• Alexander and Momoko designers of Black Crane

    “...I just make what I love. It’s very selfish but I’m making it for myself.”

    Palms and plants in the Black Crane Studio

  • A Dialogue

    Alexander Yamaguchi and Momoko Suzuki

    Interview and Images shot by Yasmine Ganley

    In the midst of L.A.’s humming fashion district, up a reluctant elevator and down the hallway of a large concrete building, the Black Crane showroom is a space of serenity. Designers Alexander Yamaguchi and Momoko Suzuki have beautifully carved out a dedicated space of their own, filled with everything they need to cultivate their creative processes: happy plants, a collection of vintage furniture and ample natural light. A soothing, earthy colour palette in soft, malleable fabrics fall from industrial clothing racks that line the showroom’s edges.

    • — How did your label come about?

      M: Alex moved to LA for the surf, I was working in environmental art and architecture, so we have pretty different backgrounds. Alex started his own line about fifteen years ago, and one day he said, we should do a womenswear collection. I wasn’t sure, we didn’t know that market, but he convinced me and I thought, ok; let’s just make something I would like to wear, that was seven years ago. Since then people seem to like what we do which makes us happy.

    • — What does a typical day look like for you?

      M: Our weekdays are hectic, some mornings we drive more than 100 miles to just to check that all the contractors are doing what they’re supposed to be doing. We get to the office right before noon, and start correspondence and sampling. We try not to over work, we think it’s important to make a balance, we are happier this way. California has a pretty good pace; we normally go home at 6pm.

    • — That’s so nice that you have such a hand in your production and that you can communicate everything you’re after face-to-face.

      A: We’ve always been very involved, right from the beginning.

    • — Do you make your own fabrics?

      M: Mostly we do, however we use a mill, we’re not picking the yarn ourselves. We used to knit the jersey in the US, but for the women’s collection we dye the yarn overseas. All of our jersey knit is made in LA.
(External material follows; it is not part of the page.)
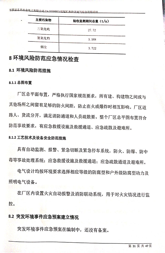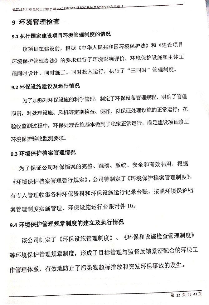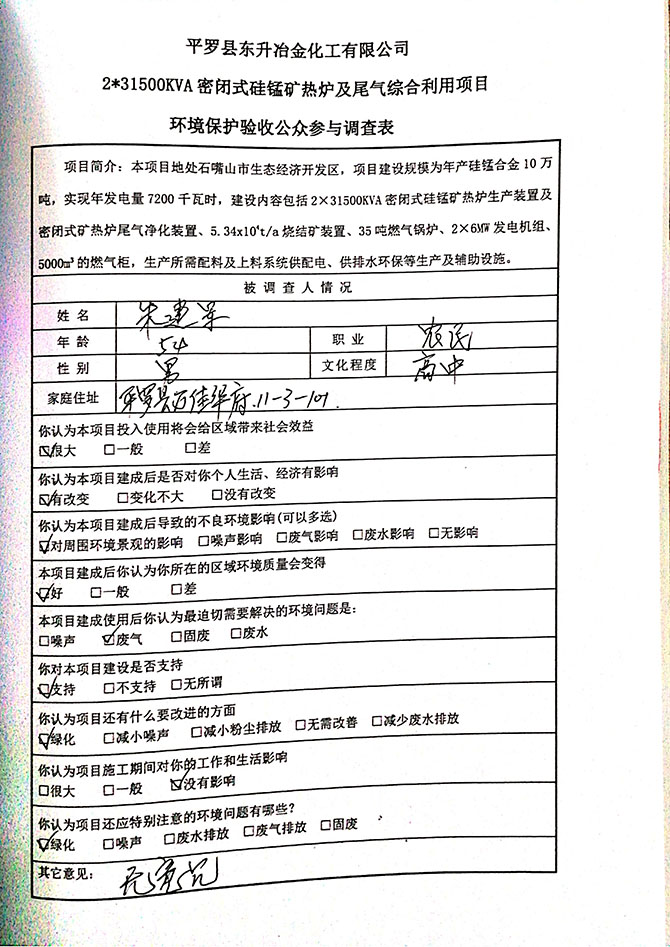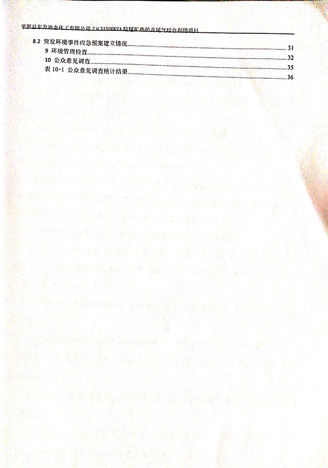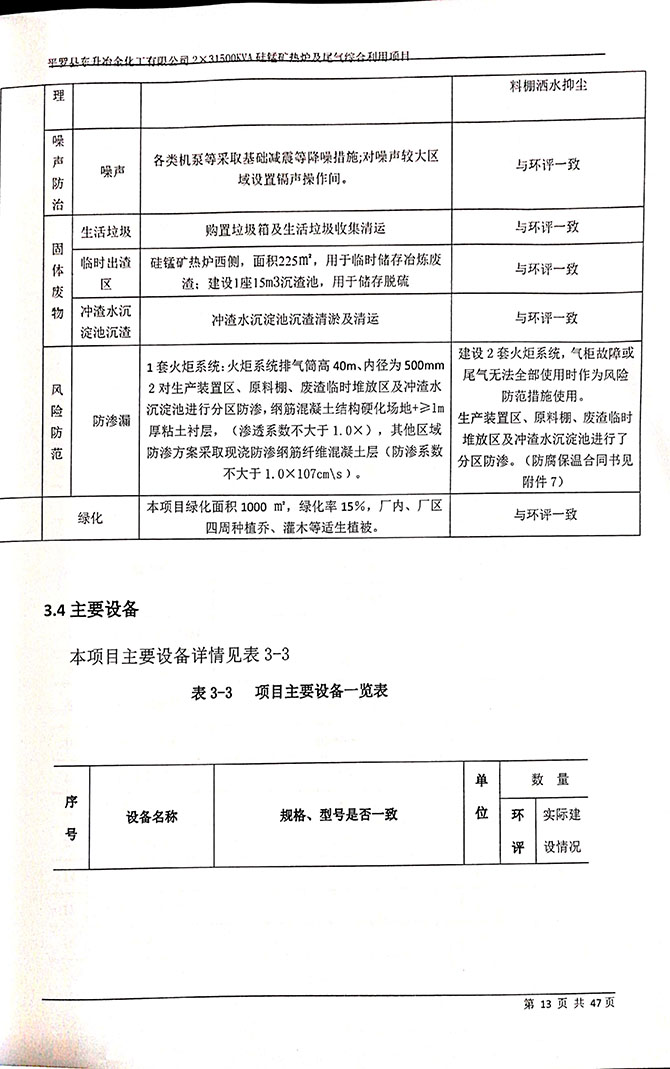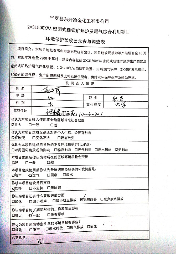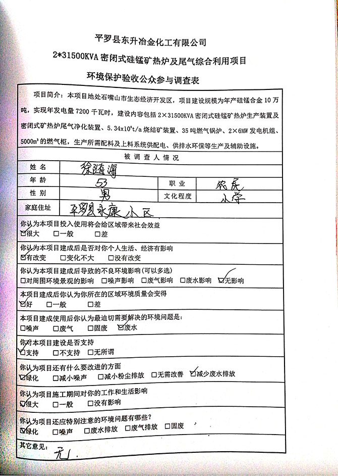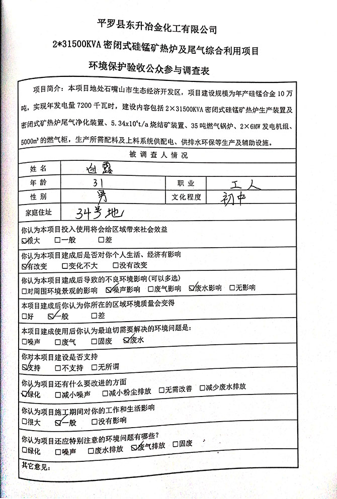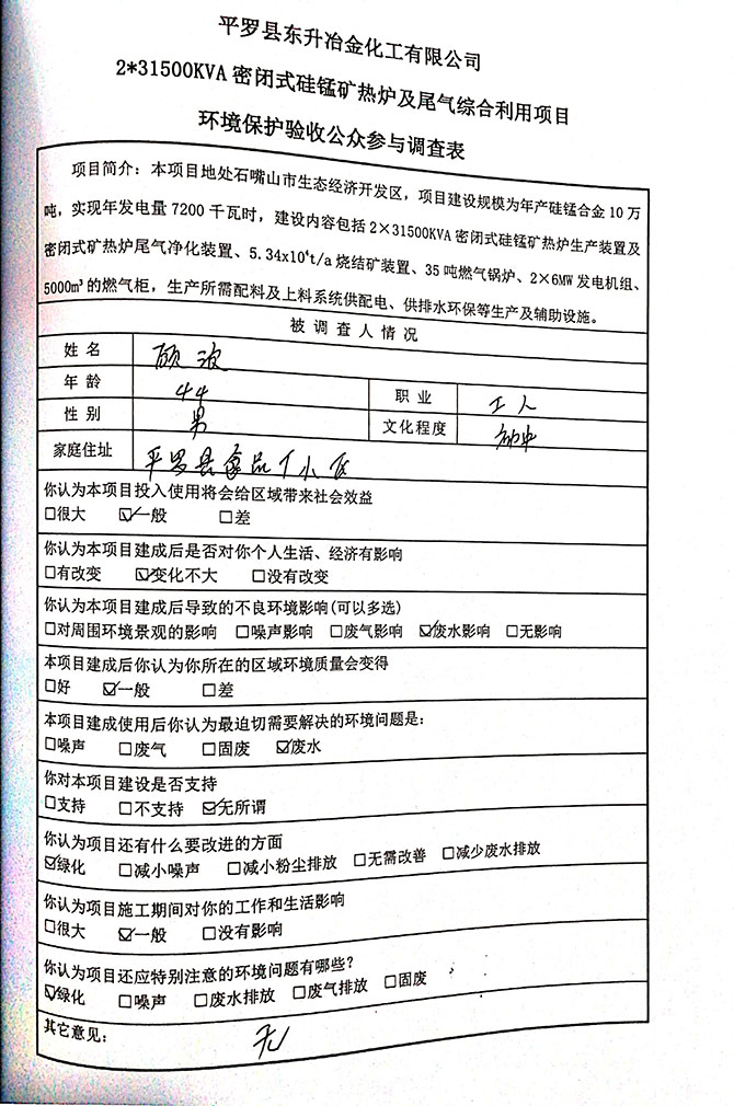 2019 年 5 月 19 日平罗县东升冶金化工有限公司组织环评方、竣工环 境保护验收监测单位及三位专家组成验收小组,对 2×31500KVA 密闭式硅 锰矿热炉项目(以下简称该项目)进行阶段性竣工环境保护验收,现将验 收意见公示如下:

      A: Sometimes we use Japanese fabrics too. Every time is an experiment as each garment is very different. We wash all of the garments here too, so variables like temperature and timing are all very important to experiment with.
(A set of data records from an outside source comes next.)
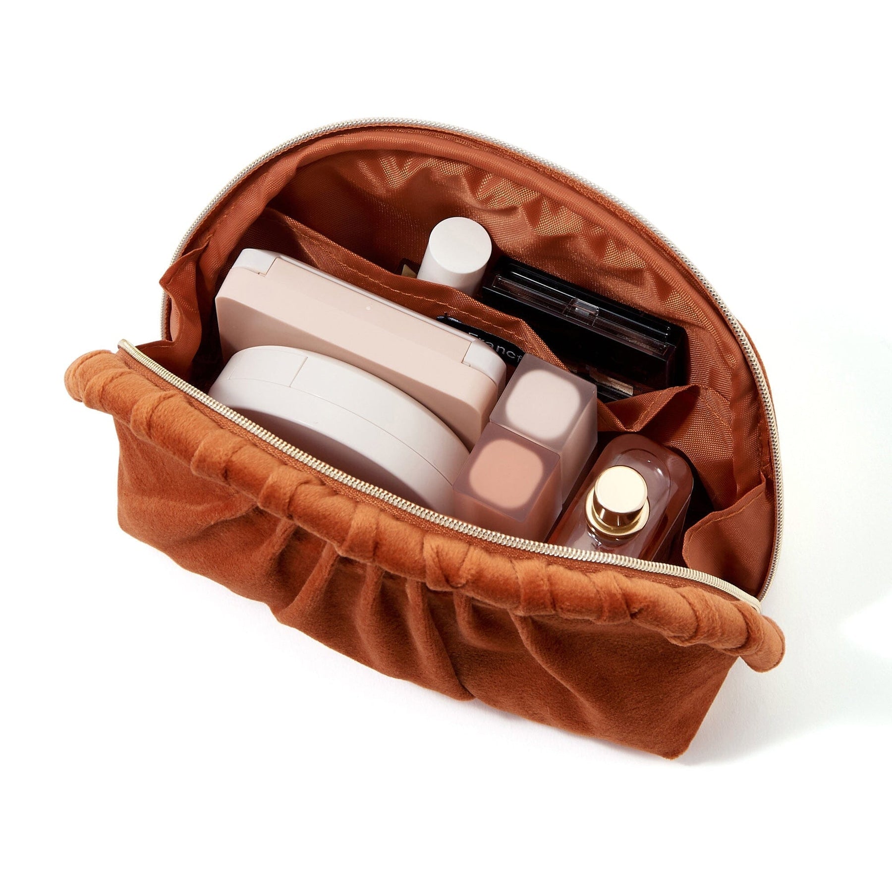 這款別緻的小袋在光滑的絲絨面料上飾有褶皺。
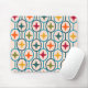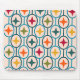 This mouse pad has a mid-century modern design of teal circles strung together with stars inside each in retro colours.
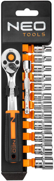 A NEO 1/4"-os dugókulcs készlet 14 db kiváló minőségű króm-vanádium acélból készült elemből áll. A készlethez tartós, precízen működő 90 fogas kilincsművel ellátott racsnis hajtókar is tartozik. A készlet részét képezi a dugókulcsok gazdag sorozata is (4-13 mm közötti méretekben). Ezt egészíti ki egy praktikus 75 mm hosszú hosszabbító. A szerszámok praktikus akasztóval csomagoltak. A szerszám minőségét bizonyítja a TÜV tanúsítvány és a gyártó által nyújtott 25 éves jótállás. A NEO márka a professzionális igényeket is kielégíti.
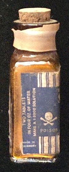 “Two tablets in four ounces of water make a 1:1000 solution.” — from the bottle label.
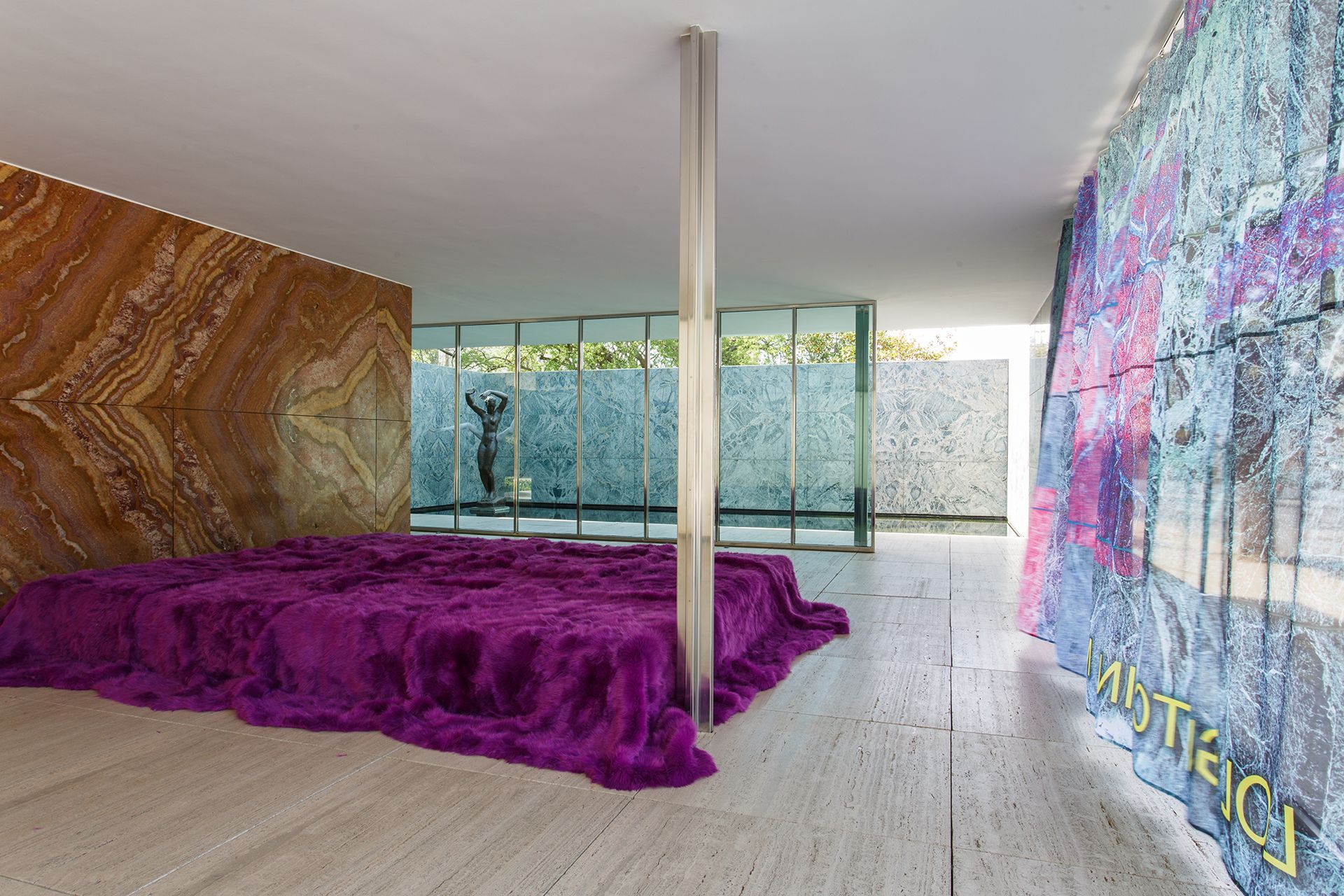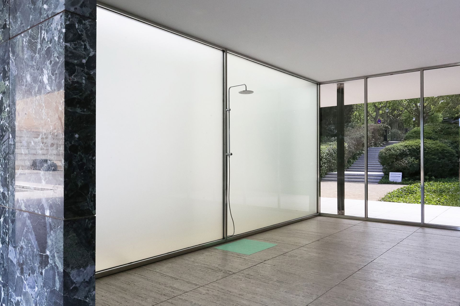 As an undisputed reference, the pavilion represents the dominant narrative of the architectural canon: spaces emptied of any domesticity, framed by hard and prestigious materials and homogenous staged elements of objects, people and stories around it. But every building narrative has its accidents, cracks and glitches that can unleash “phantomed stories” [Jaque, 2020]. Glitching Mies embraces these blurring moments of counter visibility through occupying and irritating the well-known spatial and visual setting of the Pavilion, by transitioning its materiality, its boundaries and hierarchies.

      M: We like to keep production as local as we can.

    • — I can imagine because your fabrics are so soft that they’d feel so nice on your skin too

      M: When we’re designing we try to keep in mind that we like to have easy maintenance; we want our garments to last, and to be made from natural fibers. I made a mistake one season of using a cotton-poly, and I wasn’t happy at all. So from then on, we strictly use only natural fibers. I think that’s what the mothers really appreciate. We also do a low-impact garment dye. We try to do what we can.

    • — What would be your focus for your collections? Is there a motivation behind each one, or do they run together seamlessly under one over-arching concept?
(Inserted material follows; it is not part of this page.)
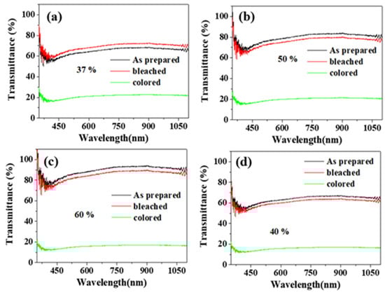 In order to accurately understand the WO3 transmittance at different hydrothermal reaction times, we analyzed the transmittance at 1 h, 4 h, 9 h, and 18 h under the same conditions, as shown in Figure 7. As can be seen from Figure 7, the transmittance of WO3 9 h (60%) > WO3 4 h (50%) > WO3 18 h (40%) > WO3 1 h (37%). The change in light transmittance of the hydrothermal reaction for 9 h is the largest, indicating that the electrochromic performance is the best, which is consistent with the above analysis. The excellent electrochromic properties of WO3 nanowires are attributed to the excellent WO3 material and nanowire array, which effectively improve the porosity of the material, improve the specific surface area and active site of the material, provide more channels, accelerate the rate of ion implantation and extraction, reduce the accumulation of ions, and accelerate the diffusion rate. We compare our research work with other literature, such as Table 1.

      M: I think we like to keep it basic, and for our garments to be something people would like to wear every season, maybe in a different fabrication. But of course, we always like to make something new too.

      A: You can make crazy clothes, but they’re difficult to wear.

      M: Anything light, super comfortable, maybe a piece you can go to sleep in, or perhaps a piece that still sits in ‘casual’ wear but you feel like you’re dressed up a little bit.

    • — Is there an overall ethos to your brand?

      M: It’s very personal, I used to include some things that I maybe wouldn’t wear but thought perhaps somebody else would, after a while I decided I shouldn’t make something I wouldn’t wear, so I just make what I love. It’s very selfish, but I’m making it for myself. I’m a very easy dresser, super casual and relaxed, which aligns with many other people’s lifestyle too.

    • — Do you have any daily practices?

      M: We do lunch together; there are only four of us in the studio so we like to do this together and just talk.

      A: That’s very Japanese-style.

      M: We also have a thing called ‘sweet time’ which is actually a snack time around mid-afternoon. We go out for some sweets and bring them back to share. We also like to open the windows when we arrive at the office, but nothing too special.

    • — And, do you have any favourite places to hang out in LA?

      A: Southern beaches, to go surfing, anywhere near San Diego. It’s lovely and quiet.

      M: there is a cute little restaurant, Little Beast. They are set in a bungalow house, three minutes from our home, very cosy, very Californian. I always like to sit on the patio outside, we always have a good time there, and the food is so good.